> **WHAT TO PRODUCE**
Word for word, transcribe the records that follow.

§

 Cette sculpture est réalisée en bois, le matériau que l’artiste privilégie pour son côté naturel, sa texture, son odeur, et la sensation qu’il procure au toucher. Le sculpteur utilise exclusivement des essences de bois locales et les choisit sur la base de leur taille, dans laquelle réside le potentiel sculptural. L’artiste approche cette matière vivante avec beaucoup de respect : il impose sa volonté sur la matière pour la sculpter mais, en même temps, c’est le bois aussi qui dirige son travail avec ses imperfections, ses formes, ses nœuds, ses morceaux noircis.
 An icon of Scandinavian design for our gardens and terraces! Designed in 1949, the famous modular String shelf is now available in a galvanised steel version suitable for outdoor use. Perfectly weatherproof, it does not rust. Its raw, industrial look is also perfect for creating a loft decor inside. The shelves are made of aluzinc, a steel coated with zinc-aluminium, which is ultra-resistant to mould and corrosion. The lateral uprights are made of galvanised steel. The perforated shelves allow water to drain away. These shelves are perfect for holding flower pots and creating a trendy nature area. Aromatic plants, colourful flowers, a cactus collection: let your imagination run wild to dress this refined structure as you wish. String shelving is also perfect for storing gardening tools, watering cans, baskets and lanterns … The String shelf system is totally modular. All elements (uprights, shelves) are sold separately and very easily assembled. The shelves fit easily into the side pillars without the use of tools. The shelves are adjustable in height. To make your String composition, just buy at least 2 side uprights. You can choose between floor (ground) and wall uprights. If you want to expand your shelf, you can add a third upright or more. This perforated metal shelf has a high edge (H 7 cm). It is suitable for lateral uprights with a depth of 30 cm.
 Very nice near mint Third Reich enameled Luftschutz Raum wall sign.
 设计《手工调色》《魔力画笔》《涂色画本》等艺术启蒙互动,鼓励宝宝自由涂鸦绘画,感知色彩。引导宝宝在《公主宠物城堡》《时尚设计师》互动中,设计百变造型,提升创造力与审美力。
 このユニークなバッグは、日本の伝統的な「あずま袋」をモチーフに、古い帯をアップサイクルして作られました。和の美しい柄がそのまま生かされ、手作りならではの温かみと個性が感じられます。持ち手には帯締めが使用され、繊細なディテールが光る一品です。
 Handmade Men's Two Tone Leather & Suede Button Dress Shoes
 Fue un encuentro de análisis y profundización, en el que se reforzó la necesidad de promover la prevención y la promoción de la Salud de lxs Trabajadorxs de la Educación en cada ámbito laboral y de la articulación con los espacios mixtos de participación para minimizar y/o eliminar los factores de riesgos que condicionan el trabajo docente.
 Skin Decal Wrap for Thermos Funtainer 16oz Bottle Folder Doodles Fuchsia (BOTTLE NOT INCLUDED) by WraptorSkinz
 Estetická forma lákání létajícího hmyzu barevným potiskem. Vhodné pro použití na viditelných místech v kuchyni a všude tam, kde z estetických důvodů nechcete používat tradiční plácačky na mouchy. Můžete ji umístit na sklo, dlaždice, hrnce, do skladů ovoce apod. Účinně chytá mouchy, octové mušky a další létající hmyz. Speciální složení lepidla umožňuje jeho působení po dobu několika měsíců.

§

> **ANSWER TO THIS TASK**
 Cette sculpture est réalisée en bois, le matériau que l’artiste privilégie pour son côté naturel, sa texture, son odeur, et la sensation qu’il procure au toucher. Le sculpteur utilise exclusivement des essences de bois locales et les choisit sur la base de leur taille, dans laquelle réside le potentiel sculptural. L’artiste approche cette matière vivante avec beaucoup de respect : il impose sa volonté sur la matière pour la sculpter mais, en même temps, c’est le bois aussi qui dirige son travail avec ses imperfections, ses formes, ses nœuds, ses morceaux noircis.
 An icon of Scandinavian design for our gardens and terraces! Designed in 1949, the famous modular String shelf is now available in a galvanised steel version suitable for outdoor use. Perfectly weatherproof, it does not rust. Its raw, industrial look is also perfect for creating a loft decor inside. The shelves are made of aluzinc, a steel coated with zinc-aluminium, which is ultra-resistant to mould and corrosion. The lateral uprights are made of galvanised steel. The perforated shelves allow water to drain away. These shelves are perfect for holding flower pots and creating a trendy nature area. Aromatic plants, colourful flowers, a cactus collection: let your imagination run wild to dress this refined structure as you wish. String shelving is also perfect for storing gardening tools, watering cans, baskets and lanterns … The String shelf system is totally modular. All elements (uprights, shelves) are sold separately and very easily assembled. The shelves fit easily into the side pillars without the use of tools. The shelves are adjustable in height. To make your String composition, just buy at least 2 side uprights. You can choose between floor (ground) and wall uprights. If you want to expand your shelf, you can add a third upright or more. This perforated metal shelf has a high edge (H 7 cm). It is suitable for lateral uprights with a depth of 30 cm.
 Very nice near mint Third Reich enameled Luftschutz Raum wall sign.
 设计《手工调色》《魔力画笔》《涂色画本》等艺术启蒙互动,鼓励宝宝自由涂鸦绘画,感知色彩。引导宝宝在《公主宠物城堡》《时尚设计师》互动中,设计百变造型,提升创造力与审美力。
 このユニークなバッグは、日本の伝統的な「あずま袋」をモチーフに、古い帯をアップサイクルして作られました。和の美しい柄がそのまま生かされ、手作りならではの温かみと個性が感じられます。持ち手には帯締めが使用され、繊細なディテールが光る一品です。
 Handmade Men's Two Tone Leather & Suede Button Dress Shoes
 Fue un encuentro de análisis y profundización, en el que se reforzó la necesidad de promover la prevención y la promoción de la Salud de lxs Trabajadorxs de la Educación en cada ámbito laboral y de la articulación con los espacios mixtos de participación para minimizar y/o eliminar los factores de riesgos que condicionan el trabajo docente.
 Skin Decal Wrap for Thermos Funtainer 16oz Bottle Folder Doodles Fuchsia (BOTTLE NOT INCLUDED) by WraptorSkinz
 Estetická forma lákání létajícího hmyzu barevným potiskem. Vhodné pro použití na viditelných místech v kuchyni a všude tam, kde z estetických důvodů nechcete používat tradiční plácačky na mouchy. Můžete ji umístit na sklo, dlaždice, hrnce, do skladů ovoce apod. Účinně chytá mouchy, octové mušky a další létající hmyz. Speciální složení lepidla umožňuje jeho působení po dobu několika měsíců.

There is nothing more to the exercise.